Facebook promised to open up its log storage system
LogDevice: how to make sense of 10 hyperscale data centres
Sysadmins struggling to manage lots of logs may want to Like a new "friend", after Facebook last week decided to share its distributed log management system.
If you're just running one site, Zuck's "LogDevice" code might not be for you: it's how Facebook makes sense of its 10 data centres, including how The Social Network™ brings those logs back into sync when something goes wrong.
Perhaps the most impressive number is in that operation: Facebook claims that after a failure, LogDevice can rebuild logs to “fully restore the replication factor of all records affected” at between 5 Gbps and 10 Gbps per second.
As the post explains, logging at scale presents two particularly wicked problems: making the record storage highly available and durable, while maintaining a “repeatable total order on those records”.
The specs needed to achieve this are:
- LogDevice is record-oriented, meaning rather than bytes, the smallest indivisible unit written to the log is a full record, which the company says provides “better write availability in the presence of failures”;
- Logs are append-only – log records can't be modified;
- To manage log size, files are trimmable according to either time-based or space-based retention policies.
One key to getting the scale Facebook needs is by decoupling log sequencing from the records themselves: the sequencer runs as a separate process, either on a storage node or on its own node.

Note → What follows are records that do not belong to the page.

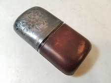 Antique Silver & Leather Hip Spirit Flask With Finely Chased Engraved Cup, 5.5"H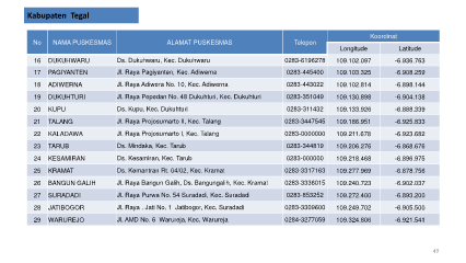 16 DUKUHWARU Ds. Dukuhwaru, Kec. Dukuhwaru 0283-6196278 109.102.097 -6.936.763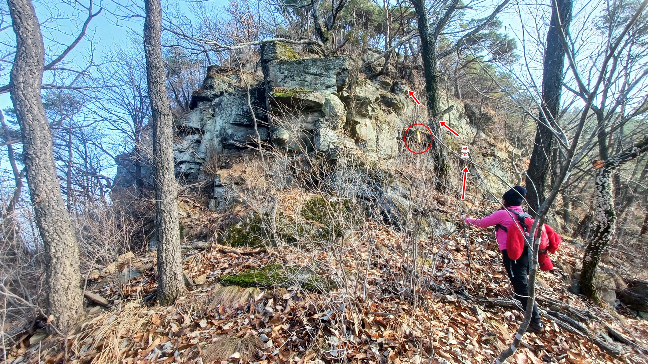 바위 사이를 올라 가파른 능선길을 오르면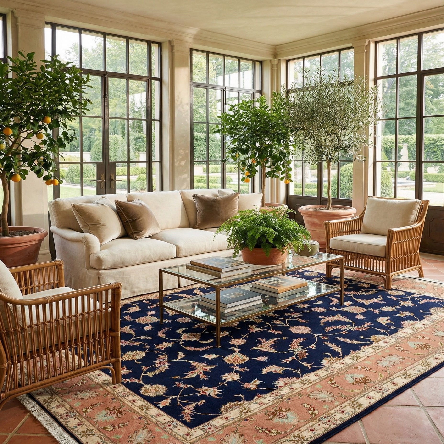 Primary color is Blue. Colors in this rug include: Blue, Dark Blue, Pink, Beige, Grey, Turquoise, Green.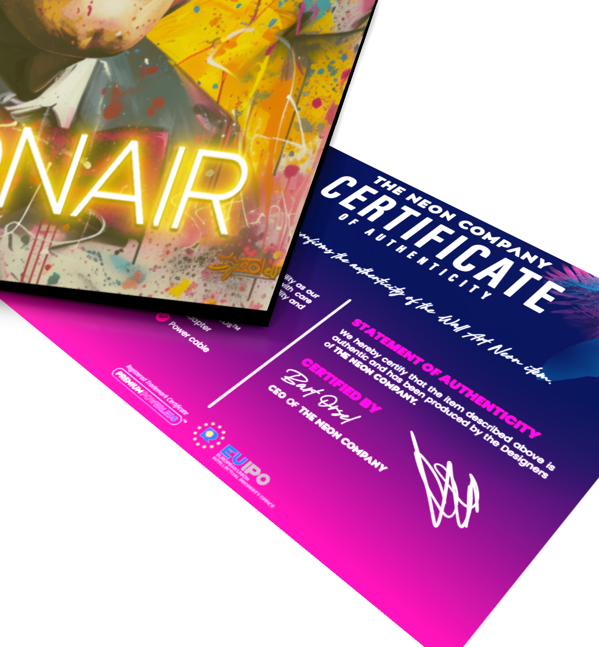 Onze Premium Limited Edition kunstwerken zijn in beperkte oplage beschikbaar en slechts tijdelijk te bestellen. Wij houden onze Neon Artworks graag uniek en exclusief.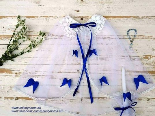 Perkant komplektuką ( Skraistę + žvakes papuošimą) . Rožančius rankytei tik 1 eur , vardinis tik 2eur.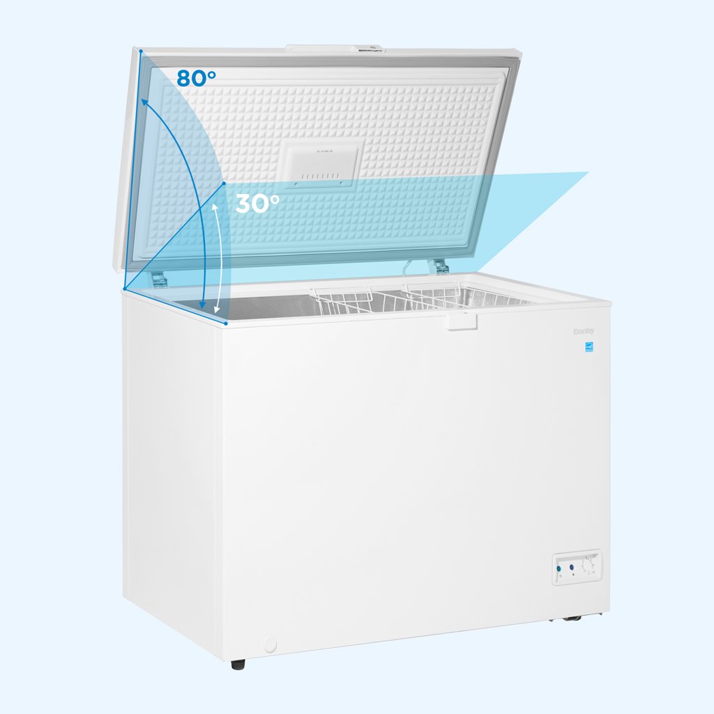 Si vous avez juste besoin de passer la main pour attraper quelque chose sur le dessus de votre appareil, il vous suffit d’ouvrir le couvercle à 30°. Le couvercle se maintiendra dans cette position, ce qui vous permettra d’utiliser vos deux mains pour saisir ce dont vous avez besoin. Cela permet également de réduire la consommation d’énergie pour réguler la température du congélateur lors de l’ouverture et de la fermeture.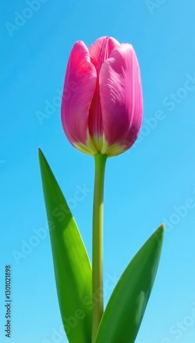 Pink tulip stem with green leaves against a clear blue sky, flower, tree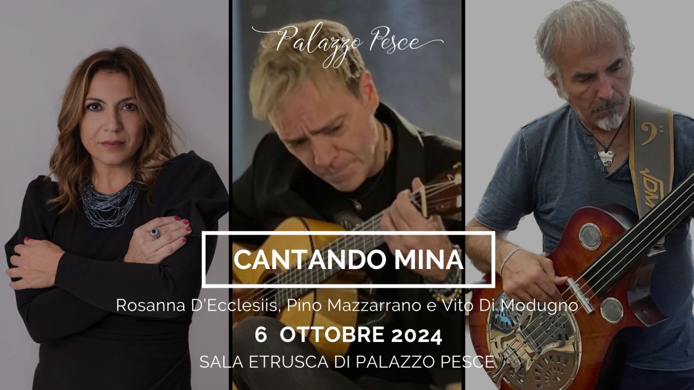 Domenica 6 ottobre 2024 alle ore 20.00 Palazzo Pesce di Mola di Bari si apre a “Cantando Mina” con Rosanna D’Ecclesiis alla voce, Pino Mazzarano alla chitarra e Vito Di Modugno al basso.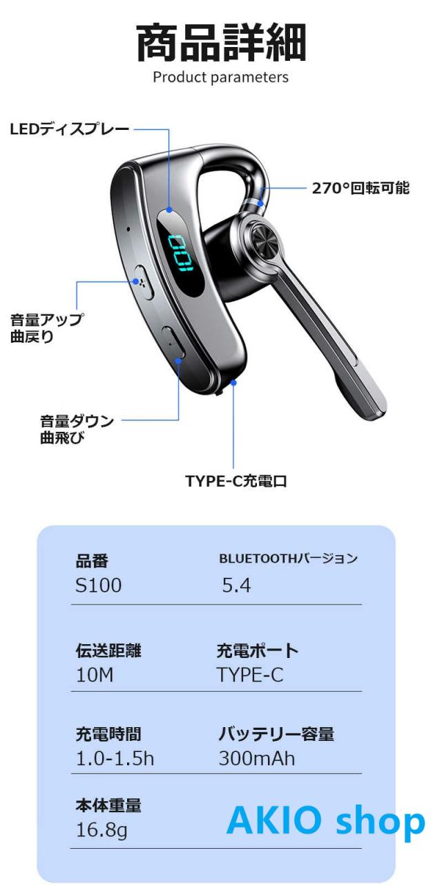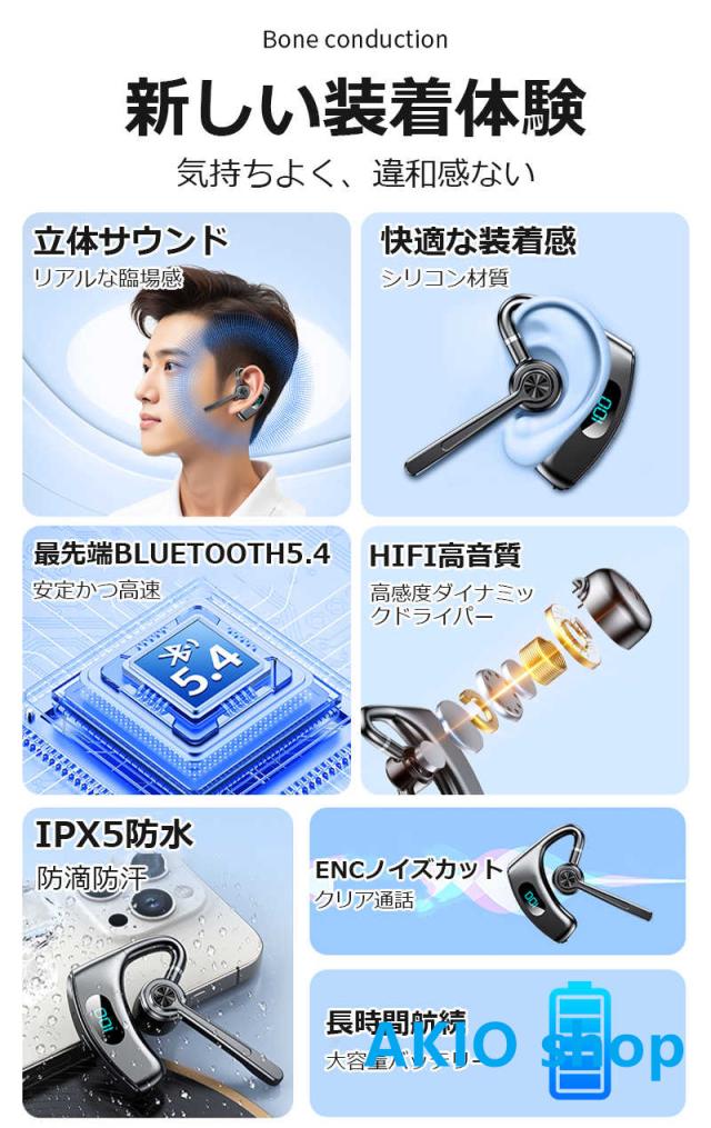 骨伝導イヤホン Bluetooth5.4 ヘッドホン HiFi高音質 耳かけ式 長時間航続 Type-C充電 IPX5防水 防滴防汗 大容量バッテリー LED残電表示 270度回転可能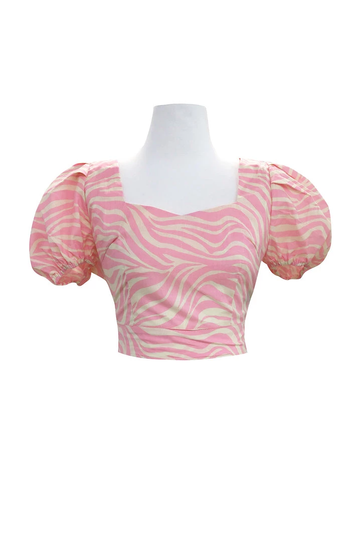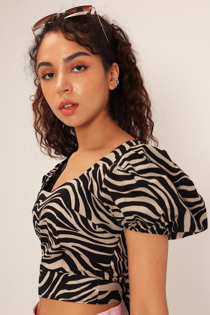 - This blouse features a zebra printed cotton material all over, a sweetheart neckline, puffed sleeves, and a bare back design with a self-tie closure at waist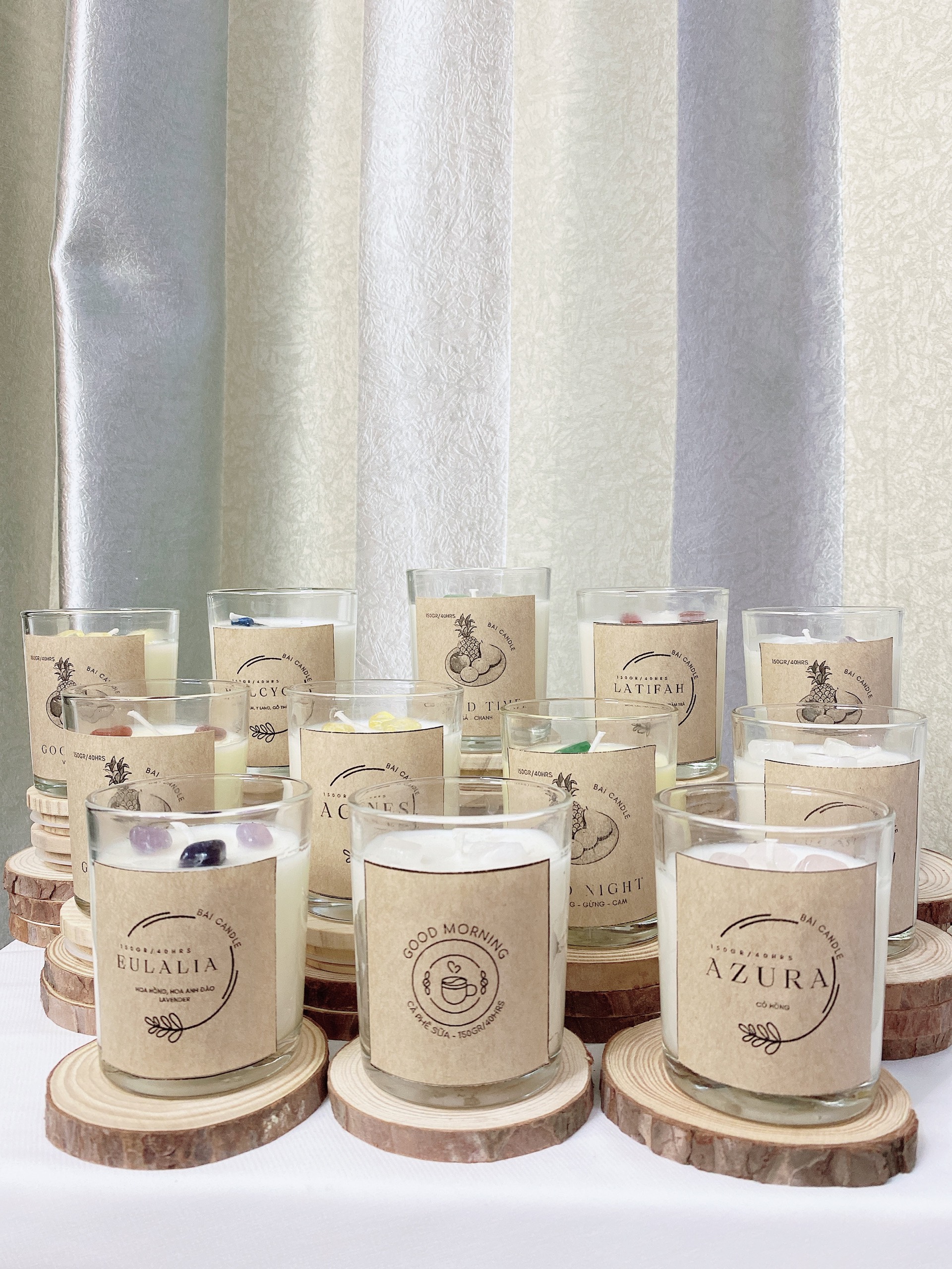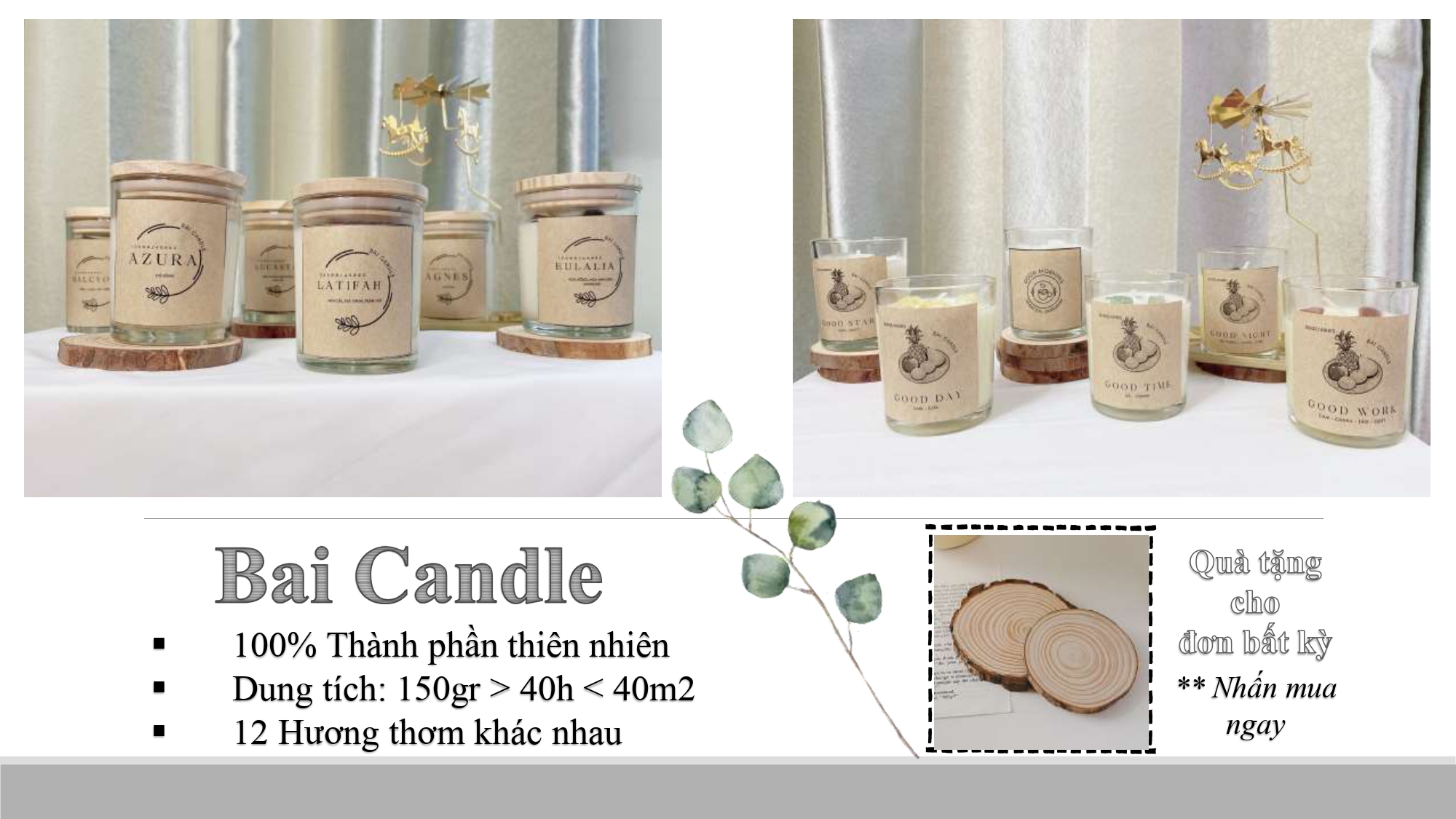 Nến thơm Bai Candle được sản xuất thủ công với các nguyên liệu hoàn toàn từ tự nhiên, an toàn với người sử dụng với thành phần Mix sáp ong – cọ - nành cùng với tinh dầu thiên nhiên

The sequences themselves aren't a single datum, but a tuple containing an epoch, and an offset within the epoch. “The epoch store acts as a repository of durable counters, one per log, that are seldom incremented and are guaranteed to never regress. Today we use Apache Zookeeper as the epoch store for LogDevice.”
LogDevice separates sequencing from object storage
As for log object storage, LogDevice randomly assigns a record to a storage node – hence, for example, you don't have all of the logs from a particular server landing on the same disk, and you don't lose the whole thing if the disk fails.
That's where the fast rebuilding is important: what if a record is waiting to be restored, when a second failure takes place? This is what the 5 Gbps to 10 Gbps rebuild is designed to avoid.
All of the centralised logging naturally enough comes from local logs in the first instance, and for this, LogDevice introduces a write-optimised store called LogDB. It's “designed to keep the number of disk seeks small and controlled, and the write and read IO patterns on the storage device mostly sequential”, the post says.
Facebook says its ultimate goal is to open source LogDevice, hopefully this year. ®